给定一个二叉树,返回所有从根节点到叶子节点的路径。
说明: 叶子节点是指没有子节点的节点。
示例:
输入:
1
/ \
2 3
\
5
输出: ["1->2->5", "1->3"]
解释: 所有根节点到叶子节点的路径为: 1->2->5, 1->3
算法一:BFS
class TreeNode:
def __init__(self, x):
self.val = x
self.left = None
self.right = None
class Solution:
def binaryTreePaths(self, root: TreeNode):
from collections import deque
if not root: return []
res = []
queue = deque()
queue.appendleft([root, []])
while queue:
node, tmp = queue.pop()###最重要的就是这个temp,当当前节点左存在的时候,把当前节点的值记录下来。这样一直记录就能够记录到叶子节点。叶子节点左右为空。
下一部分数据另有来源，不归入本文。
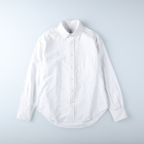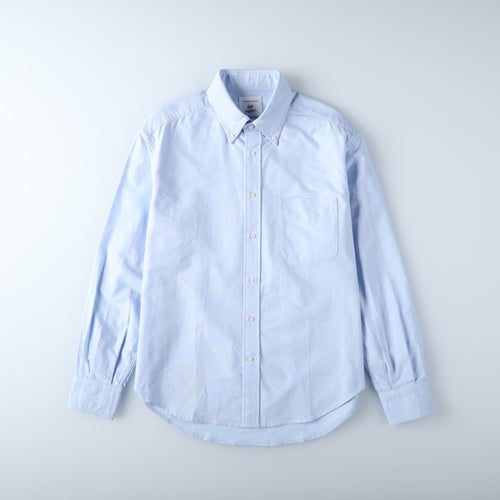 襟の形にこだわりました。ドレスではなくカジュアルに普段着用できるデザインです。通常経糸(タテイト)に細い綿糸である40番単糸、緯糸(ヨコイト)に太めの10番単糸を使用するのがオックスフォード生地です。S&Pでは緯糸に20番双糸を打ちました。計測上は10番単糸と同じ太さである糸ですが、2本を撚ることによりより丈夫な糸になります。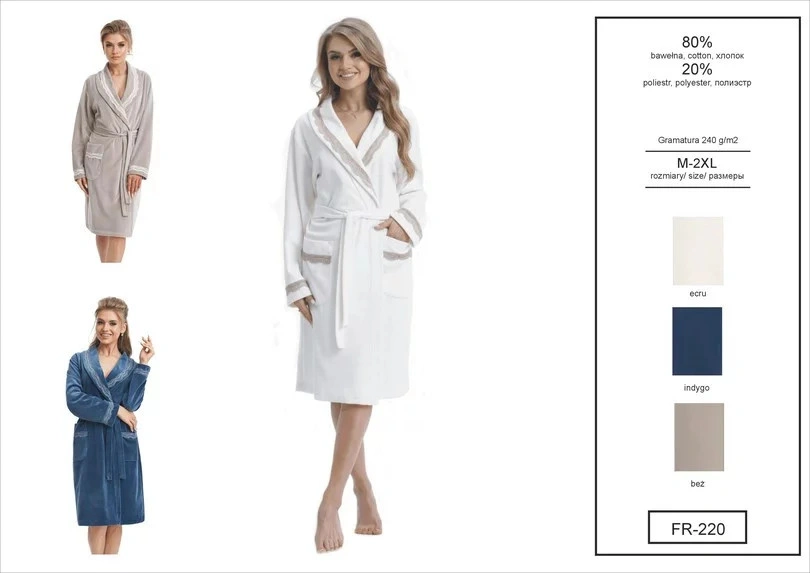 Szlafrok wykonany jestw 100% z satyny poliestrowej. Jest lekki, wygodny na ciele i miękki w dotyku.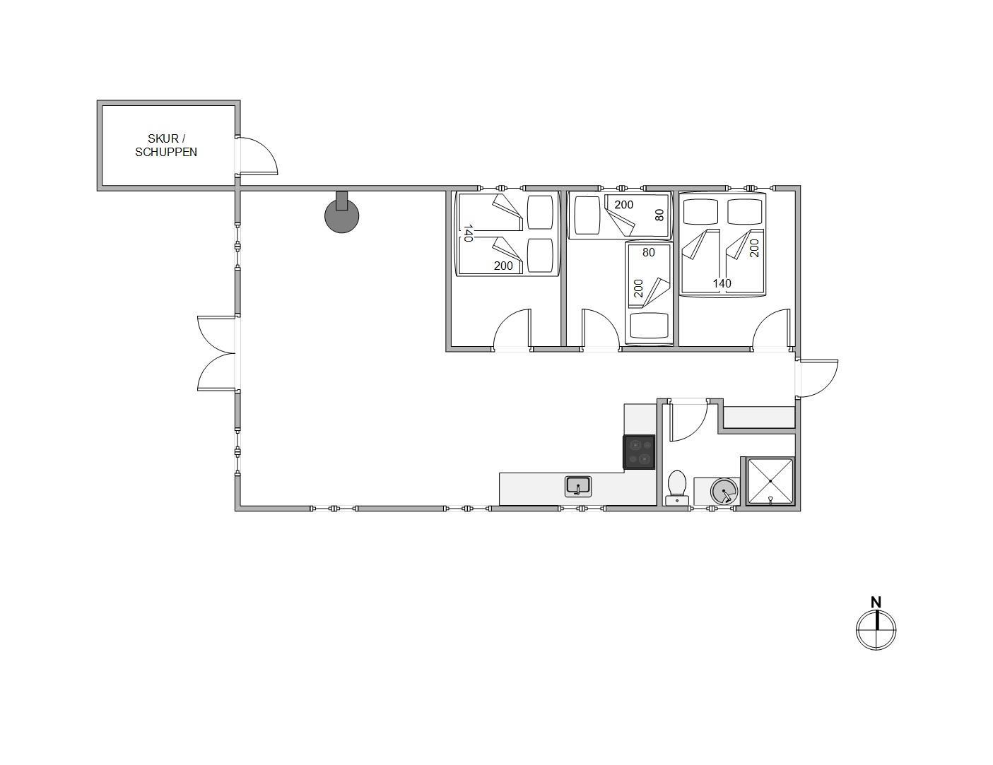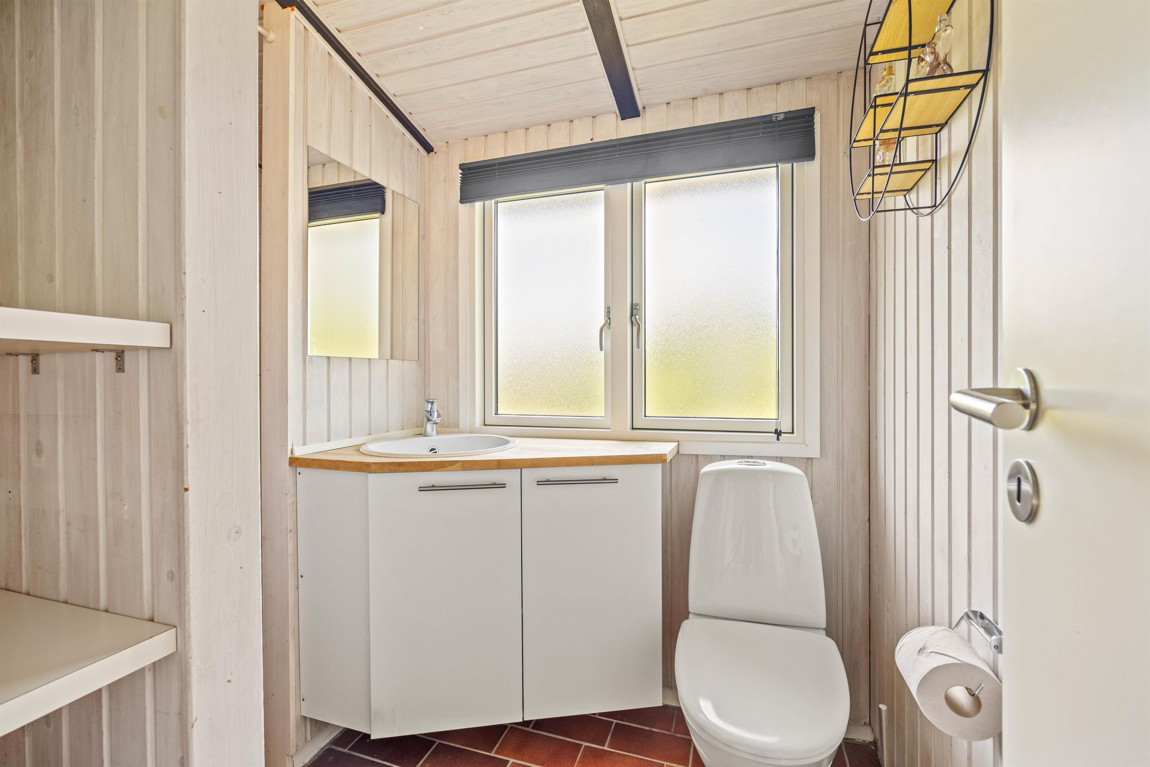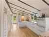 Den lyse stue med det åbne, veludstyrede køkken indbyder til masser af familietid. Den venlige og moderne indretning og de mørke loftsbjælker som kontrast på de lyse trælofter tilfører omgivelserne den helt klassiske sommerhuscharme. På de kølige dage kan I sætte jer til rette foran den knitrende brændeovn og varme jer på en kop kakao.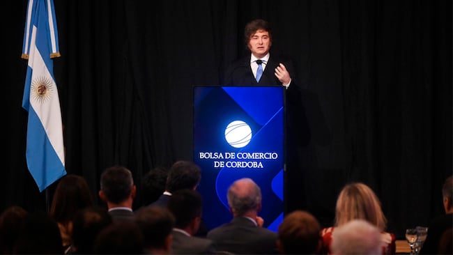 El presidente habló en la Bolsa de Comercio de Córdoba y defendió su plan económico. Se mostró junto a Adorni tras el escándalo del vuelo a Nueva York.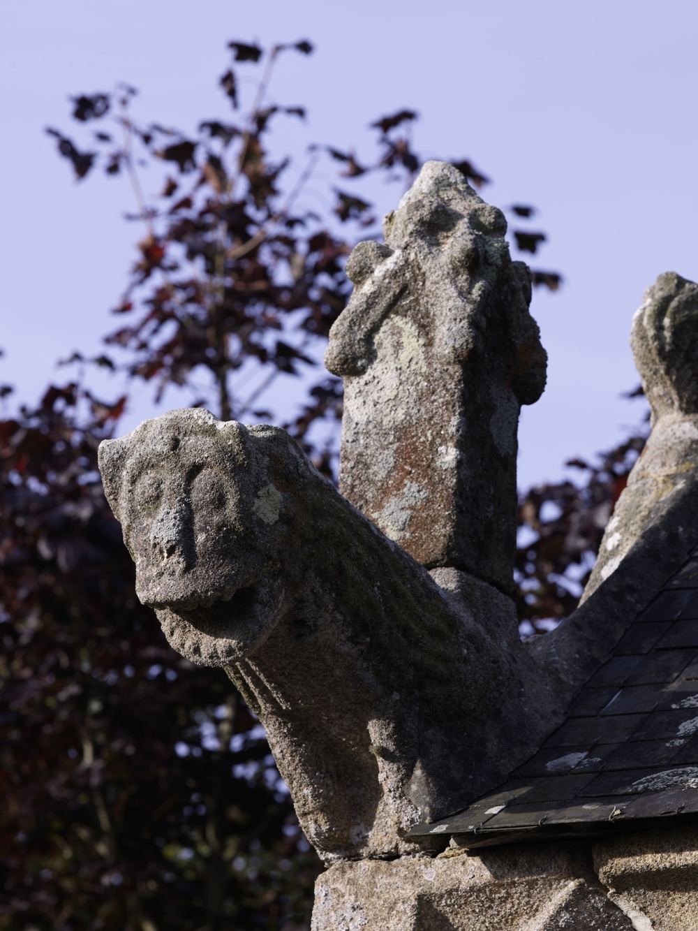 Lanvellec, Saint-Maudez : chapelle, angle sud-est, crossette sculptée représentant un lionImmatriculation

返回res
if not node.left and not node.right:
res.append("->".join(tmp + [str(node.val)]))
if node.left:
queue.appendleft([node.left, tmp + [str(node.val)]])
if node.right:
queue.appendleft([node.right, tmp + [str(node.val)]])
return res
root = TreeNode(1)
a = TreeNode(2)
b = TreeNode(3)
c = TreeNode(5)
root.left = a
root.right = b
a.right = c
print(Solution().binaryTreePaths(root))
算法二:DFS
class Solution:
def binaryTreePaths(self, root: TreeNode) -> List[str]:
if not root: return []
res = []
def helper(root, tmp):
if not root.left and not root.right:res.append(tmp + [str(root.val)])
if root.left:helper(root.left, tmp + [str(root.val)])
if root.right:helper(root.right, tmp + [str(root.val)])
helper(root, [])
return ["->".join(a) for a in res]